O dono da casa, que era educado e cortês, recebeu o rabino com grande respeito. Ofereceu-lhe uma cadeira e aguardou. O rabino sentou-se e permaneceu completamente em silêncio. Passaram-se alguns minutos sem que uma única palavra fosse dita. Por fim, o rabino levantou-se, despediu-se cordialmente e foi embora.
 
Por respeito, o anfitrião acompanhou o rabino até a casa dele. Quando chegaram, já não conseguindo conter a curiosidade, ele finalmente perguntou:
 
- Rabino, em minha casa não seria educado perguntar por que o senhor me honrou com sua visita. Mas agora peço que me diga: qual foi o motivo?
 
- Fui à sua casa para cumprir uma Mitsvá - respondeu serenamente o rabino - e consegui cumpri-la.
 
- Que Mitsvá? - perguntou o homem, ainda mais intrigado.
 
- Os nossos sábios ensinaram: “Assim como é Mitsvá dizer aquilo que será ouvido, também é Mitsvá não dizer aquilo que não será ouvido” - explicou o rabino - Se eu tivesse permanecido em casa, como poderia cumprir essa Mitsvá? Era preciso ir até a casa daquele que não ouviria e, estando lá, não lhe dizer nada.
 
O diretor do banco insistiu para que ele falasse, pois quem sabe o escutaria, mas o rabino se recusou, afirmando que tinha certeza de que ele não ouviria. Quanto mais o rabino se recusava a falar, maior se tornava a curiosidade do homem. Depois de muita insistência, o rabino finalmente revelou:
 
- Há uma viúva, extremamente pobre, que deve ao banco uma enorme quantia referente à hipoteca de sua casa. Ela não tem como pagar. Em breve, o banco leiloará a casa e ela será despejada. Eu queria pedir que o senhor cancelasse essa dívida. Porém, não o fiz por saber que o senhor não me escutaria.
 
- Como eu poderia fazer isso? - respondeu o homem, assustado - O dinheiro é do banco. Sou apenas o diretor!
 
- Eu sabia que era isso que o senhor diria - respondeu o rabino, com um sorriso - por isso não queria lhe dizer.
 
Com essas palavras, o rabino encerrou a conversa, se despediu e entrou em casa. Mas a conversa não terminou no coração daquele homem. As palavras do rabino penetraram em sua consciência e não lhe deram descanso. Dias depois, ele retirou do próprio bolso toda a quantia da dívida e permitiu que a viúva ficasse com a casa.”
 

Muitas vezes, quando gritos e broncas duras não têm efeito, a delicadeza consegue resultados impressionantes.

 

Nesta semana lemos a Parashat Devarim (literalmente “Palavras”), começando o último livro da Torá, Devarim, que trata principalmente dos discursos finais de Moshé em suas últimas cinco semanas de vida. Ele relembrou os principais acontecimentos ocorridos nos quarenta anos em que o povo judeu permaneceu no deserto, aproveitando para repreender o povo pelos erros graves cometidos.
 
E assim diz o versículo que introduz as palavras de Moshé: “Moshé falou aos filhos de Israel, conforme tudo o que Hashem lhe havia ordenado a dizer-lhes” (Devarim 1:3). Porém, o Rav Zalman Sorotzkin zt”l (Império Russo, 1881 - Israel, 1966) pergunta: no início da Parashá já havia sido dito: “Estas são as palavras que Moshé falou” (Devarim 1:1).

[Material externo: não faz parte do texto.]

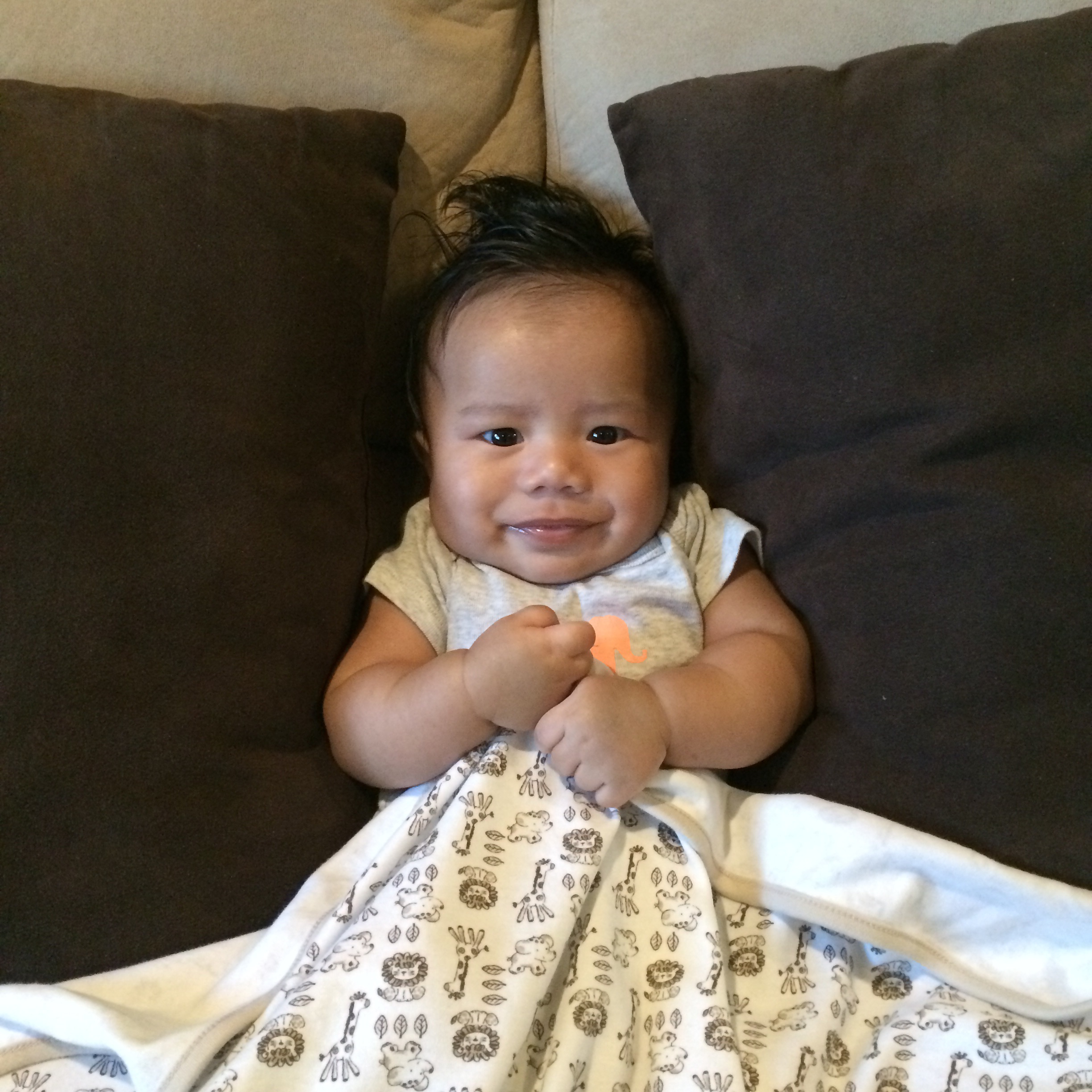 Little Max is a supported sitter now, can roll over on his own, and loves splashing in the bath! He’s getting so big. He also knows how to peek a boo! I mean I am his mommy but I can tell he’s going to be a charmer!

Por que a Torá voltou a enfatizar que “Moshé falou”? E por que da segunda vez a Torá acrescentou que as palavras foram “conforme tudo o que Hashem lhe havia ordenado a dizer”?
 
A resposta começa com o entendimento de um interessante ensinamento do Talmud (Ketubot 105b): “Se um Talmid Chacham é amado pelos habitantes da cidade, não é necessariamente porque ele seja mais virtuoso, mas porque ele não os repreende em assuntos do Céu”. Mas por que o Talmud acrescenta a expressão “em assuntos do Céu”? Bastaria dizer: “porque não os repreende”!
 
Na realidade existem duas formas de repreensão. Há uma forma de repreensão que é feita “na linguagem dos homens”, de forma mais delicada, apenas com alusões e parábolas, mas não de maneira direta. Há, entretanto, a forma de repreensão “em assuntos do Céu”, quando a pessoa diz a verdade de forma direta e contundente, como fez o profeta Yeshayahu ao declarar: “Ai da nação pecadora, povo carregado de iniquidade, descendência de malfeitores, filhos corruptores...” (Yeshayahu 1:4), trecho que é lido justamente na Haftará desta semana.
 
Qual é a diferença entre os dois tipos de repreensão? A repreensão “em assuntos do Céu” frequentemente desperta oposição da pessoa que escuta e até mesmo coloca em risco quem repreende. Não por acaso, o profeta Yeshayahu acabou sendo morto pelo rei Menashé. Já a repreensão “na linguagem dos homens” normalmente faz com que as palavras possam ser aceitas e recebidas.
 
Isso significa que a repreensão “na linguagem dos homens” é sempre melhor do que a repreensão “em assuntos do Céu”? Não necessariamente, e é justamente isso o que um interessante Midrash vem nos ensinar: “Quando D’us pediu a Moshé que repetisse a Torá, ele não quis repreender Israel pelo que haviam feito de errado. A que isso se assemelha? A um aluno que caminhava com seu professor e viu uma pedra jogada no chão. Pensando que era uma pedra preciosa, ele a pegou e queimou-se, pois na verdade era uma brasa. Dias depois, caminhando novamente com seu professor, o aluno viu outra pedra preciosa, mas pensando que novamente tratava-se de uma brasa, teve medo de tocá-la. Seu professor lhe disse: ‘Pegue-a, é uma pedra preciosa’. Assim disse Moshé: ‘Por causa do que eu lhes disse: “Escutem agora, seus rebeldes”, sofri o castigo por causa deles, e agora voltarei a repreendê-los?’. D’us então respondeu-lhe: ‘Moshé, não tenha medo’”.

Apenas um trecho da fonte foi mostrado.